Praktijkgebieden: Arbeidsrecht
De Hoge Raad heeft op 18 februari 2022 in zijn oordeel het opzegverbod tijdens ziekte genuanceerd. Het opzegverbod is niet van toepassing bij ontbinding wegens bedrijfseconomische omstandigheden wanneer een werknemer zich heeft ziek gemeld nadat zijn werkgever een ontslagaanvraag heeft ingediend bij het UWV.
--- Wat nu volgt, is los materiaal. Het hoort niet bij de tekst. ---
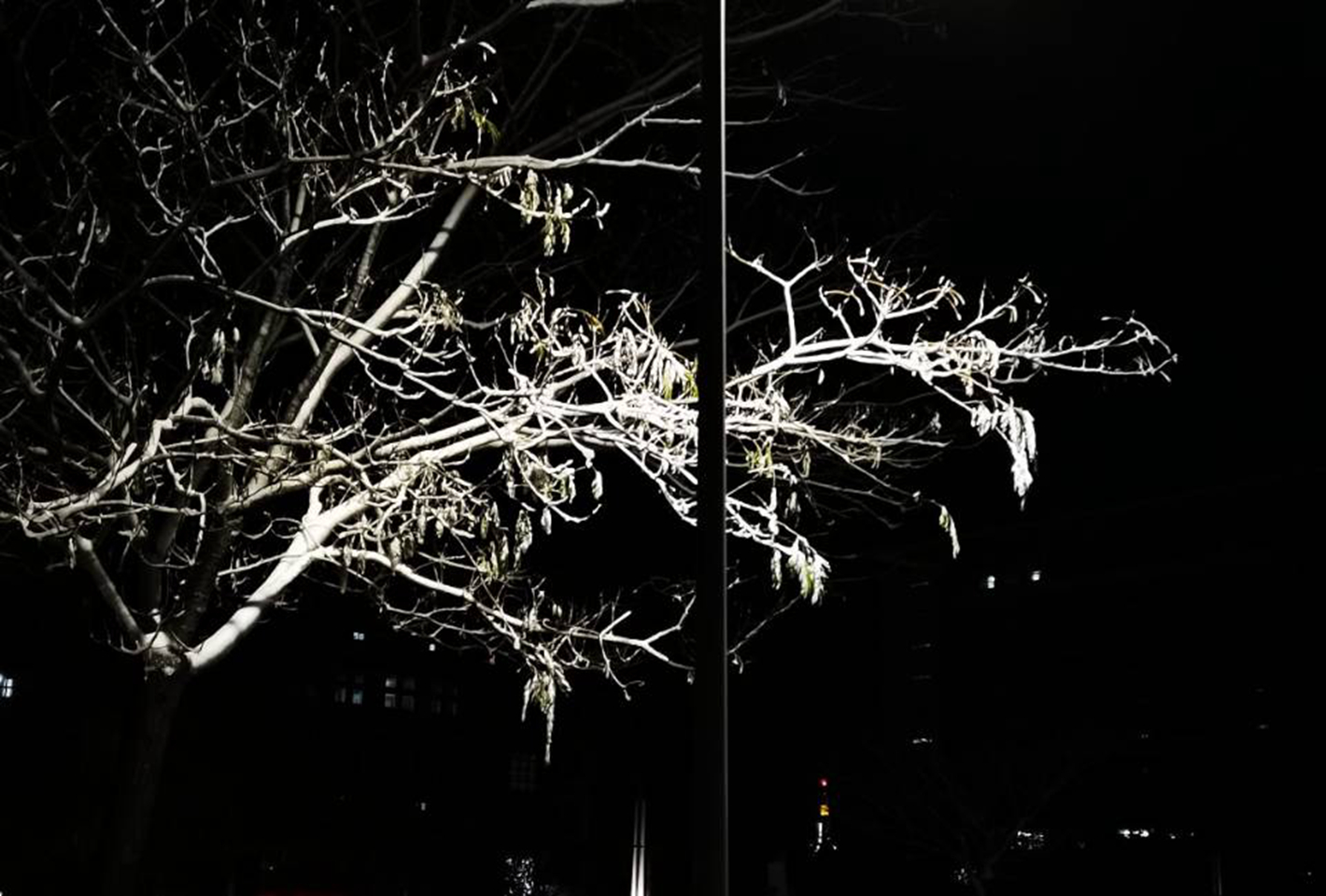 立冬之际,雪花纷纷飘落。这些冬之精灵亲吻着大地,与枝头的红果黄叶嬉戏,为高楼大树穿上新衣……校园里银装素裹,玉树琼枝,俨然一个童话世界。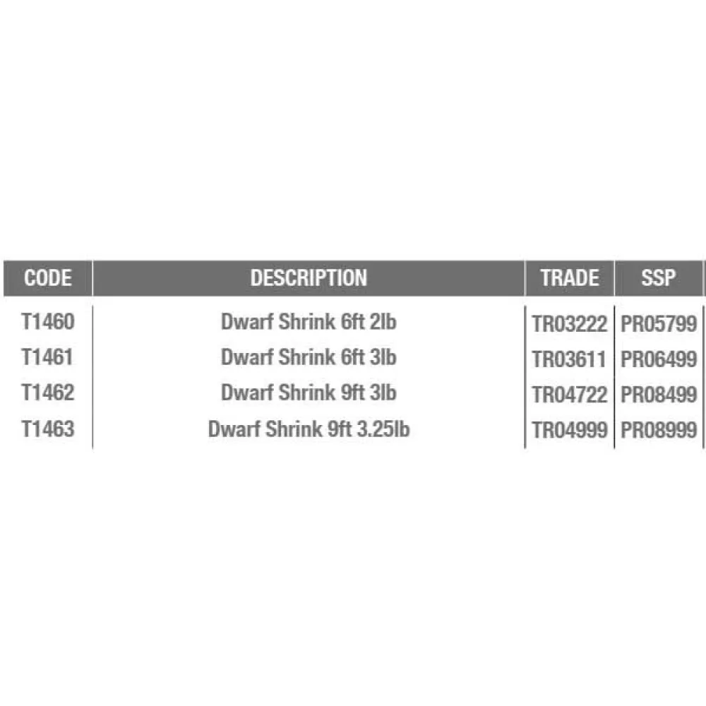 La gamme Dwarf Shrink comprend des modèles de 6 pi 2 lb et 3 lb pour les situations les plus exigeantes, avec des ébauches de 3,25 lb et 3,5 lb pour les applications grand public de gros poissons capables de traiter les plus grosses carpes et les plombs les plus lourds.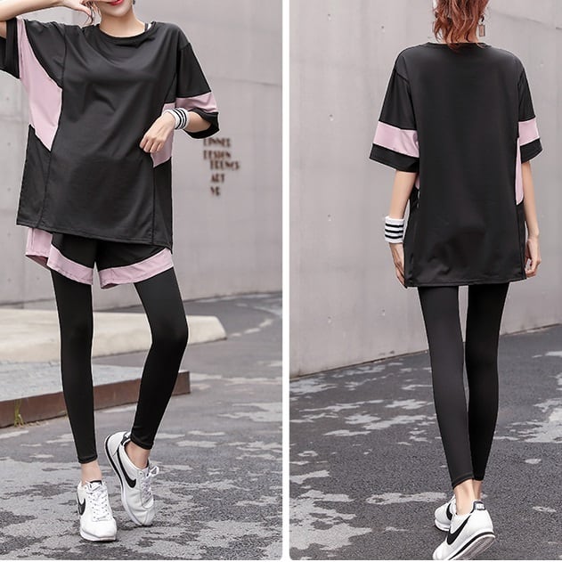 トップス、レギンス、ショートパンツの3点セット!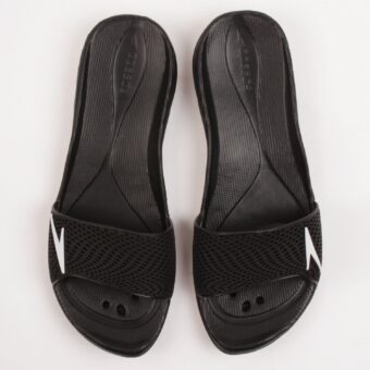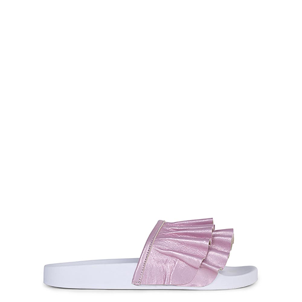 Γυναικεία πέδιλο, σε στυλ pool slider, από δέρμα,με ύφασμα εσωτερικά και σόλα από καουτσούκ.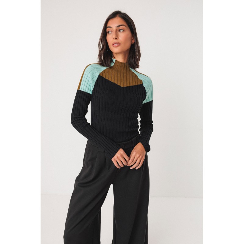 T-shirt à manches longues en maille côtelée fine avec col montant et patchs de couleurs contrastées.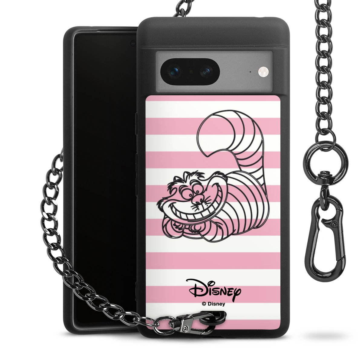 Die mattschwarze Silikon-Handyhülle besteht aus robustem TPU (thermoplastisches Polyurethan). Sie ist flexibel und schützt Dein Smartphone vor Stößen und Kratzern. Die Kette sowie der Karabinerhaken sind aus Metall in Gunmetal-Optik gefertigt. Für dieses Produkt kommen ausschließlich TÜV-geprüfte Materialien zum Einsatz.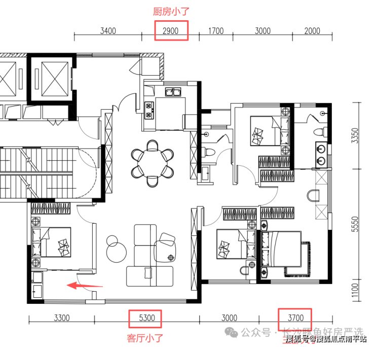 但毕竟面积缩小了4㎡,客厅、厨房的面宽有所缩减;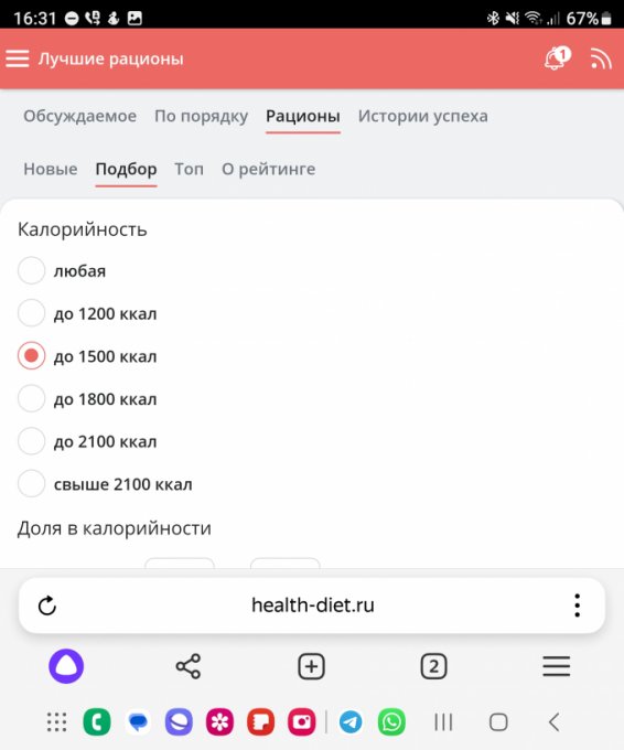 учетом твоих пожеланий. Рацион будет направлен на снижение веса, с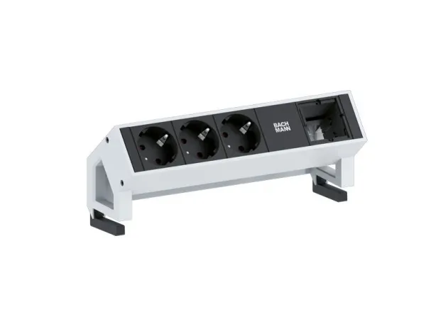 Aluminium profile; power input: 0.2 m H05VV-F 3G 1.5 mm2 with GST18; incl. mounting bracketBachmann Desk 2. Cable length: 0.2 m, Housing material: Aluminium, Product colour: Black. AC outlets quantity: 3 AC outlet(s). Number of products included: 1 pc(s)

Wanneer een werkgever een werknemer wil ontslaan wegens bedrijfseconomische redenen, bijvoorbeeld omdat het bedrijf financieel in zwaar weer verkeert, moet de werkgever een ontslagaanvraag indienen bij het UWV. Na toestemming van het UWV kan de arbeidsovereenkomst met deze werknemer worden opgezegd. Wanneer het UWV die toestemming weigert, kan de werkgever een ontbindingsverzoek indienen bij de kantonrechter.
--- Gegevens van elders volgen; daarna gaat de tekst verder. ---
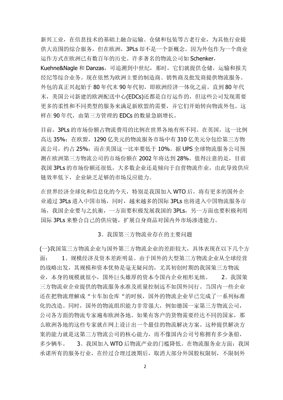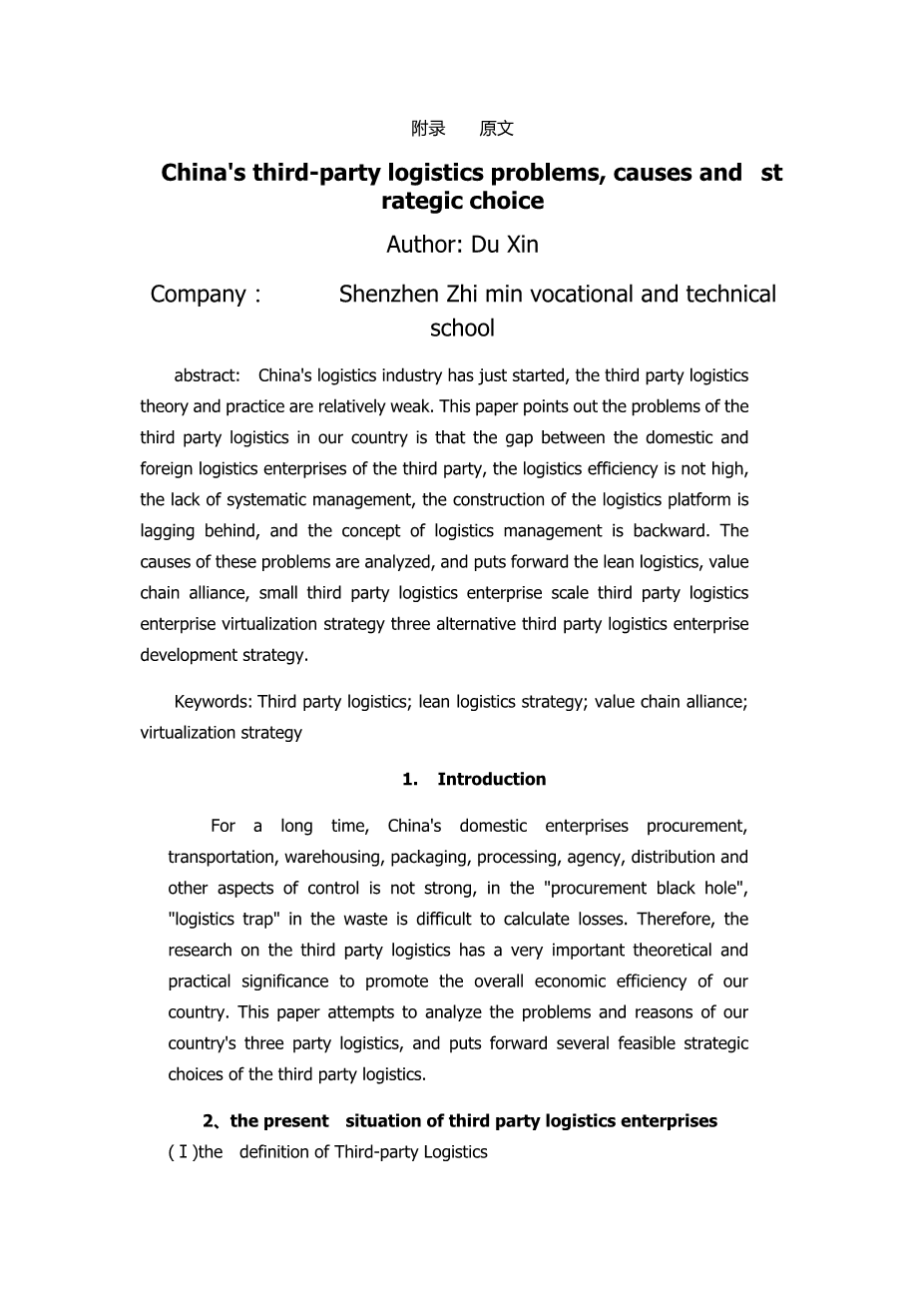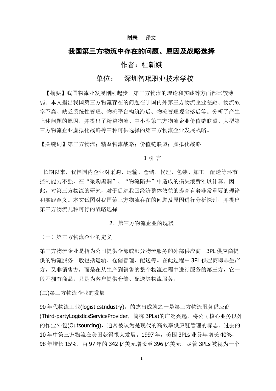我国第三方物流中存在的问题、原因及战略选择外文翻译资料

Een werkgever kan een zieke werknemer in principe echter niet ontslaan. De werknemer wordt namelijk beschermd tegen ontslag wegens ziekte en tegen verkorting van de termijn voor het vinden van ander werk. Daarnaast is het opzegverbod bedoeld om de werkgever te behoeden voor de emotionele druk van een ontslagprocedure tijdens zijn ziekte. In onze blog van 20 september 2017 bespraken we een andere uitspraak over het opzegverbod tijdens ziekte.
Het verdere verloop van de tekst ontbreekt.